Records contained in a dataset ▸
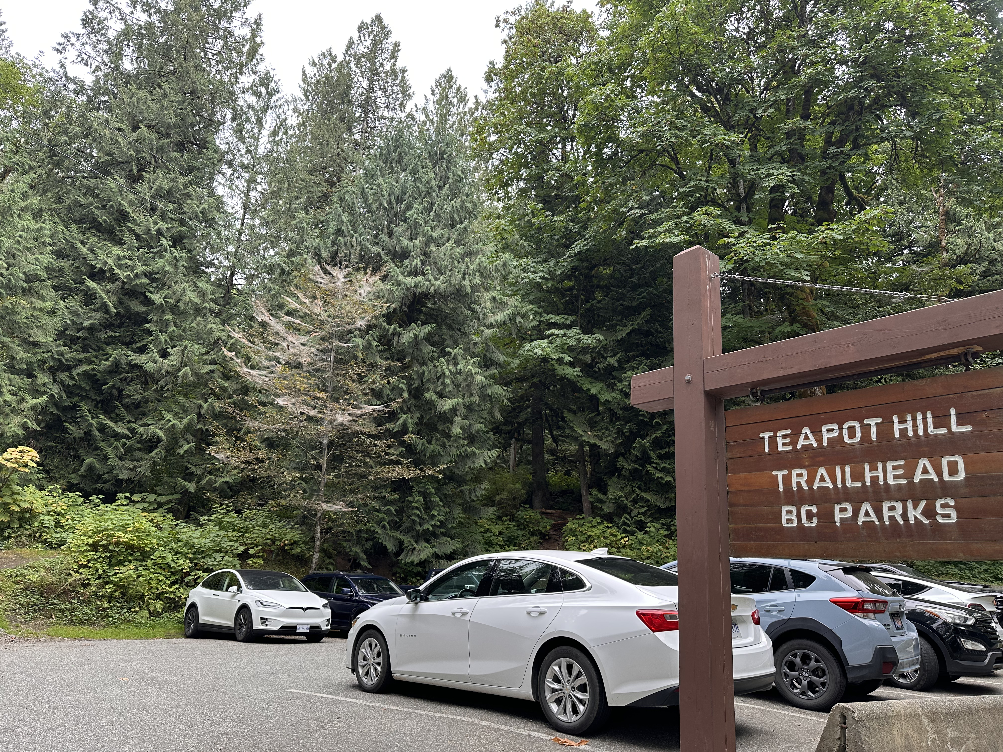 This week, we head to Teapot Hill located in Chilliwack, right next to Cultus Lake. The trailhead and trail is in Cultus Lake Provincial Park, and its parking lot is quite small, with only about 10 or so spots. As such, it is a good idea to go early in the day to ensure a parking spot. The trail itself is a short 5km out-and-back trail with about 260m elevation gain. The trail is well maintained and relatively easy to hike. The first half of the trail is a shared path for mountain bikers and horse riders as well, so you might run into both during your hike. After about halfway, the trail takes a fork and becomes hiking only. It is also after this point that the numerous teacups and teapots begin to show up. Many hikers in the past bring teapots and teacups to this trail and leave them for future hikers to find. We all had a great time seeking out various interesting teacups and teapots. Pictures below are just a small portion of the teacups and teapots we found on the trail. At the end of the trail, the viewpoint was partly obstructed by bushes and trees, but we were able to see Cultus Lake and the nearby town beyond the bushes and trees.
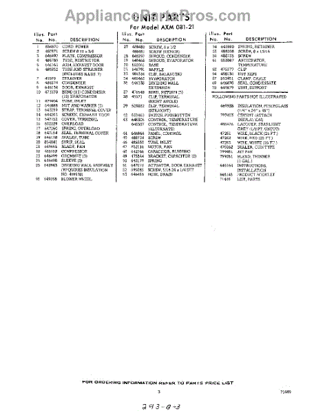 Parts for Whirlpool AXM08121: 03 - Section Parts
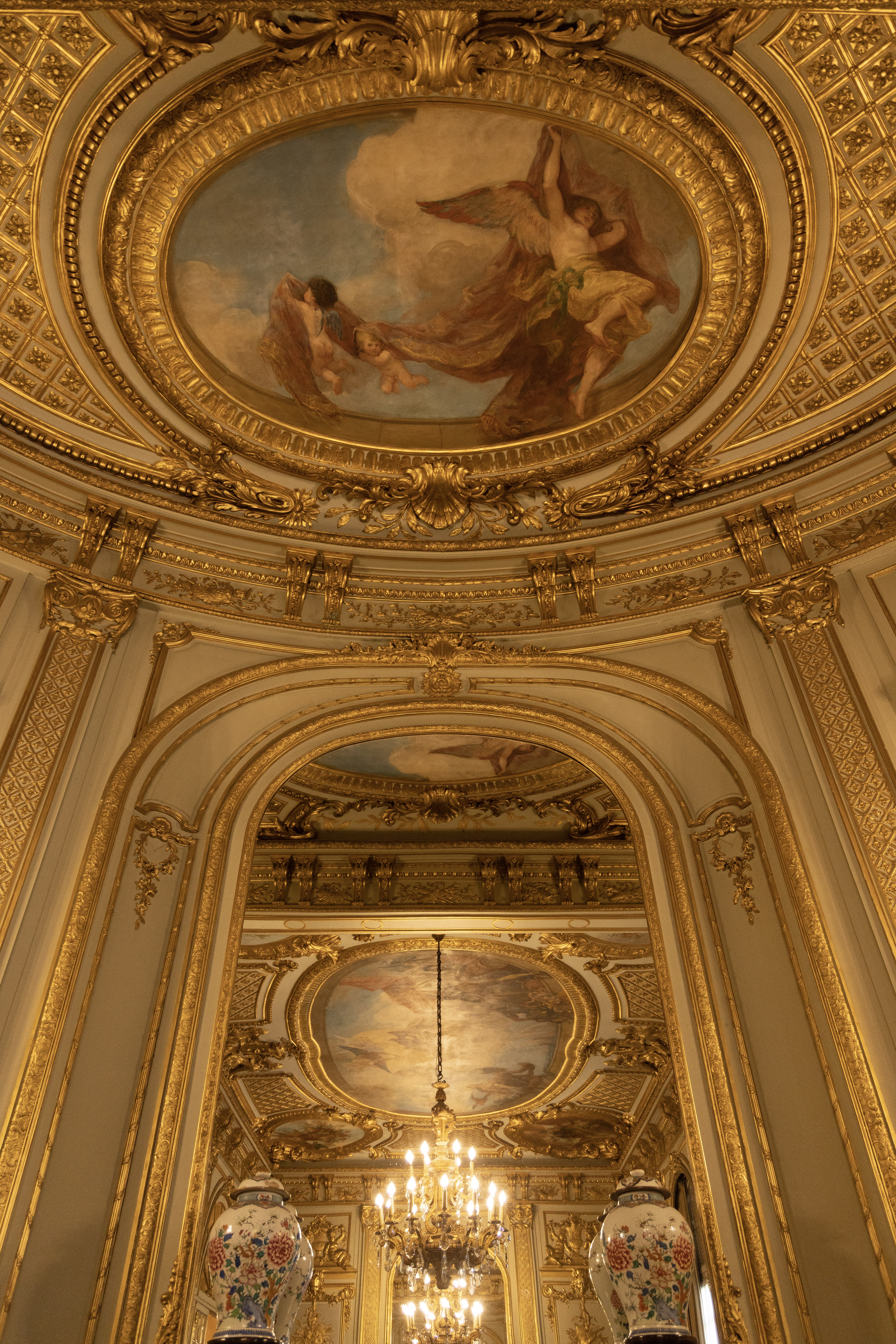 El "Salón Dorado", en la casa que habitaron Mercedes Castellanos de Anchorena y su hijo Aarón, resulta el ámbito más opulento y ceremonial de estilo neobarroco, enriquecido por el arte de Michelle Rondenay con una pintura que remata el techo con motivos religiosos combinados con una alegoría histórica de la conquista de América y su fortuna, representada por monedas de oro.
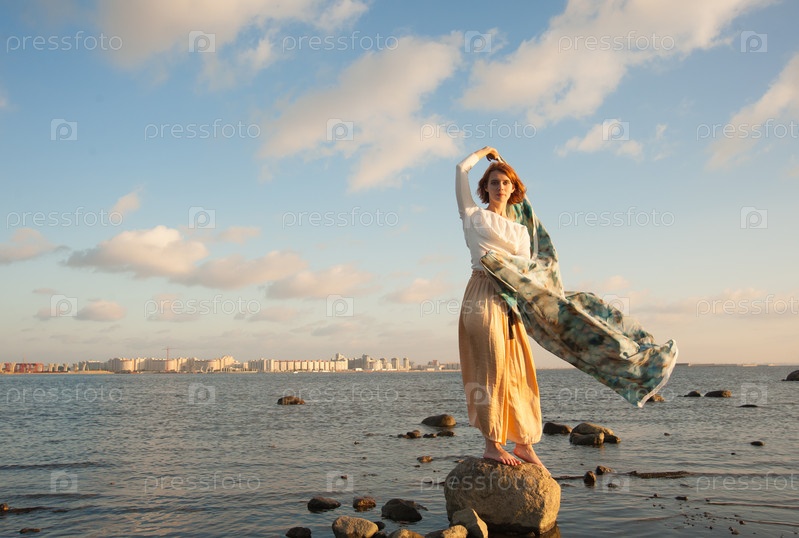 Девушка босиком на камне
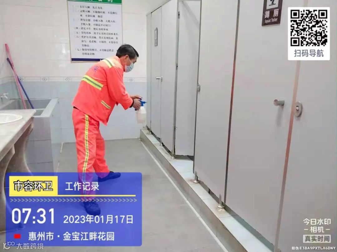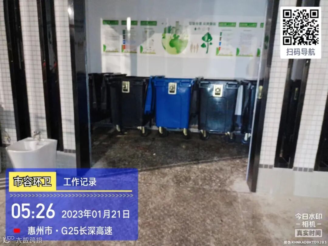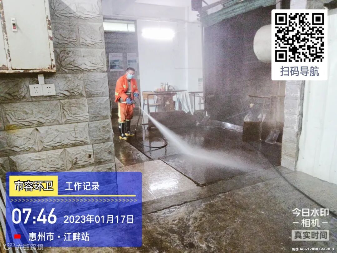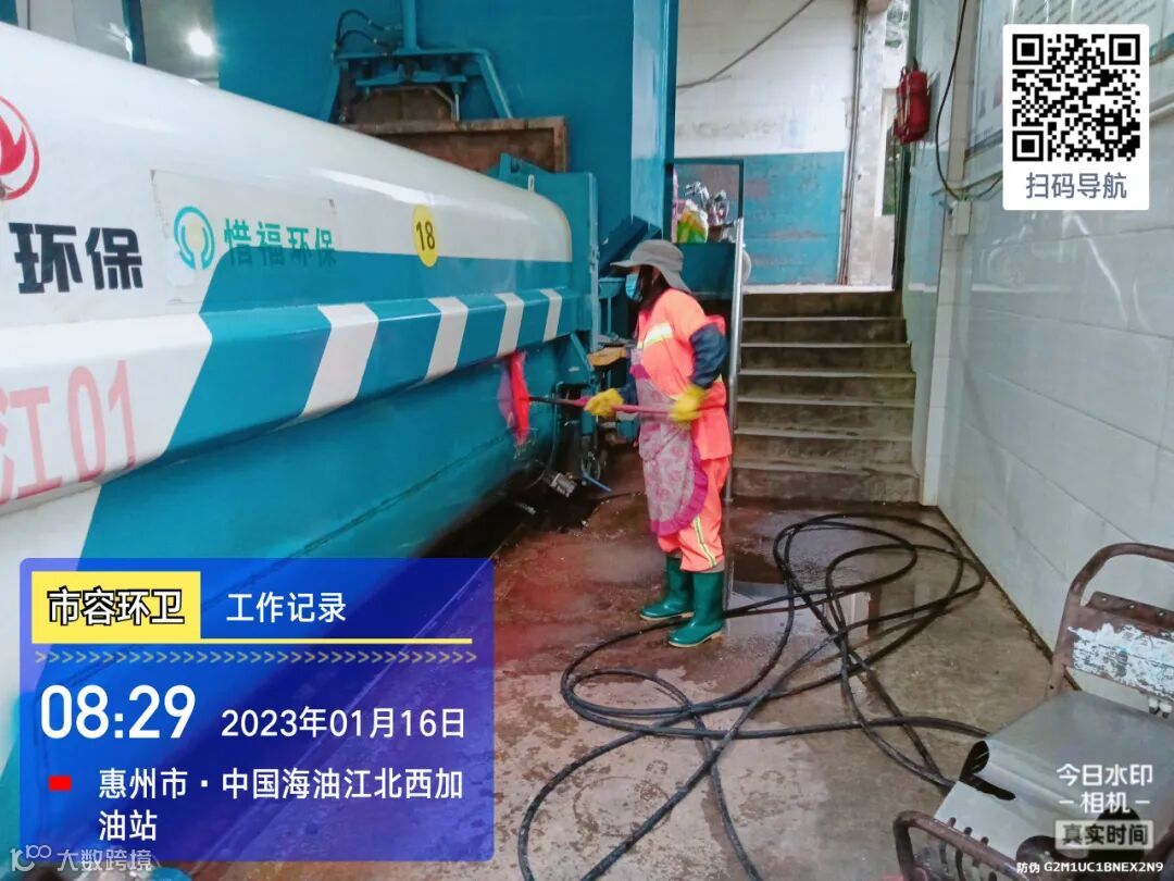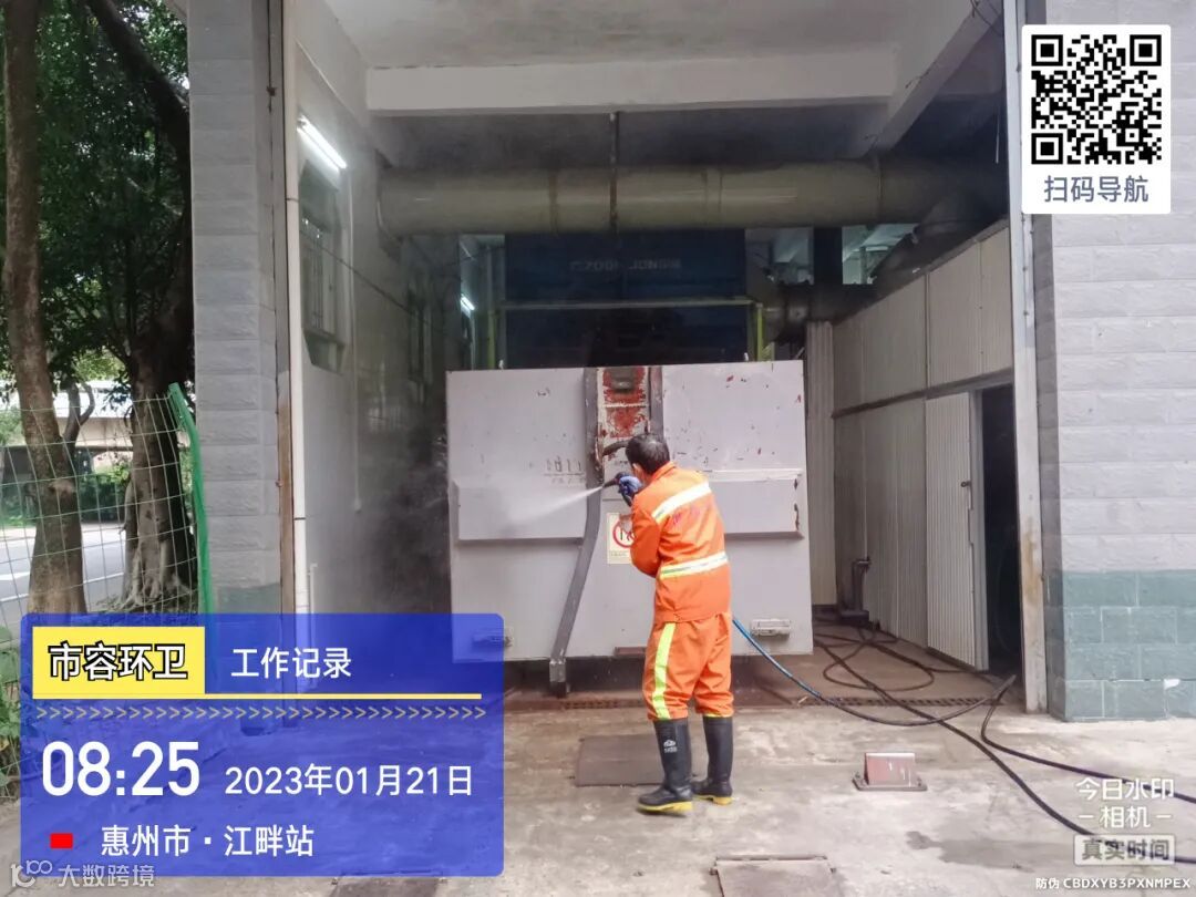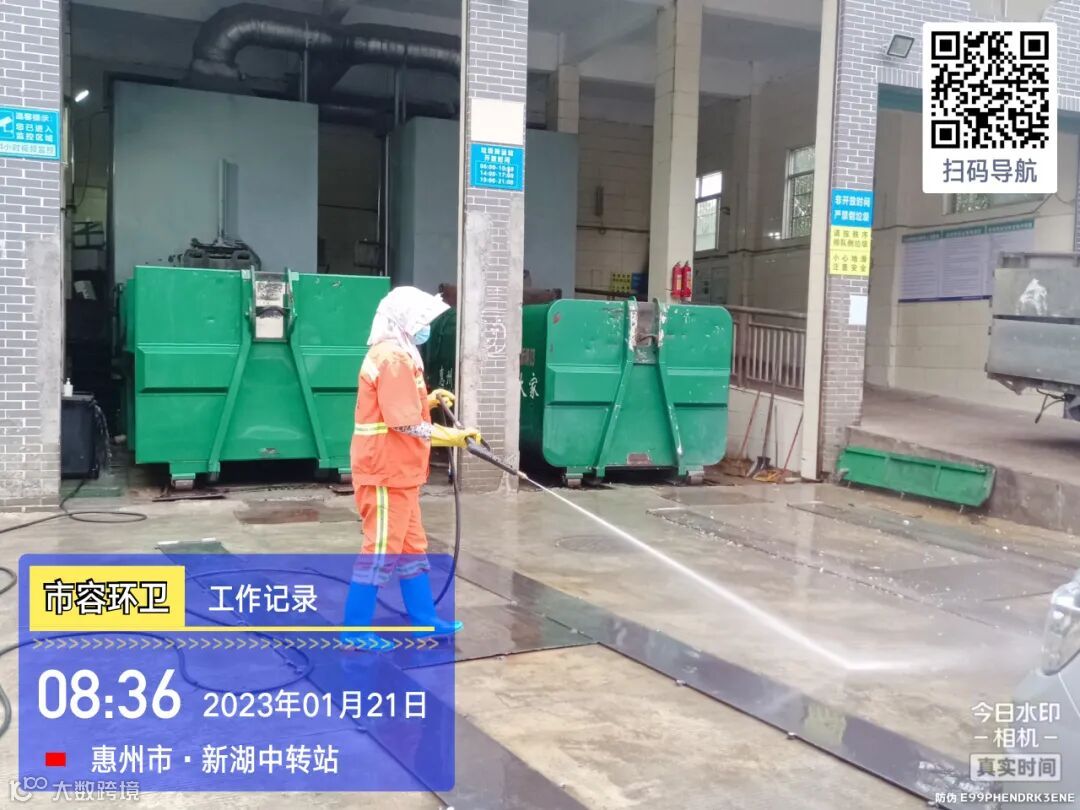 中转站/公厕日常作业及维护,每日两次以上高压冲洗并喷雾消毒站内外地面及箱体

Task ▸
Print every entry exactly; omit the pictures.

Answer area ▸
 This week, we head to Teapot Hill located in Chilliwack, right next to Cultus Lake. The trailhead and trail is in Cultus Lake Provincial Park, and its parking lot is quite small, with only about 10 or so spots. As such, it is a good idea to go early in the day to ensure a parking spot. The trail itself is a short 5km out-and-back trail with about 260m elevation gain. The trail is well maintained and relatively easy to hike. The first half of the trail is a shared path for mountain bikers and horse riders as well, so you might run into both during your hike. After about halfway, the trail takes a fork and becomes hiking only. It is also after this point that the numerous teacups and teapots begin to show up. Many hikers in the past bring teapots and teacups to this trail and leave them for future hikers to find. We all had a great time seeking out various interesting teacups and teapots. Pictures below are just a small portion of the teacups and teapots we found on the trail. At the end of the trail, the viewpoint was partly obstructed by bushes and trees, but we were able to see Cultus Lake and the nearby town beyond the bushes and trees.
 Parts for Whirlpool AXM08121: 03 - Section Parts
 El "Salón Dorado", en la casa que habitaron Mercedes Castellanos de Anchorena y su hijo Aarón, resulta el ámbito más opulento y ceremonial de estilo neobarroco, enriquecido por el arte de Michelle Rondenay con una pintura que remata el techo con motivos religiosos combinados con una alegoría histórica de la conquista de América y su fortuna, representada por monedas de oro.
 Девушка босиком на камне
 中转站/公厕日常作业及维护,每日两次以上高压冲洗并喷雾消毒站内外地面及箱体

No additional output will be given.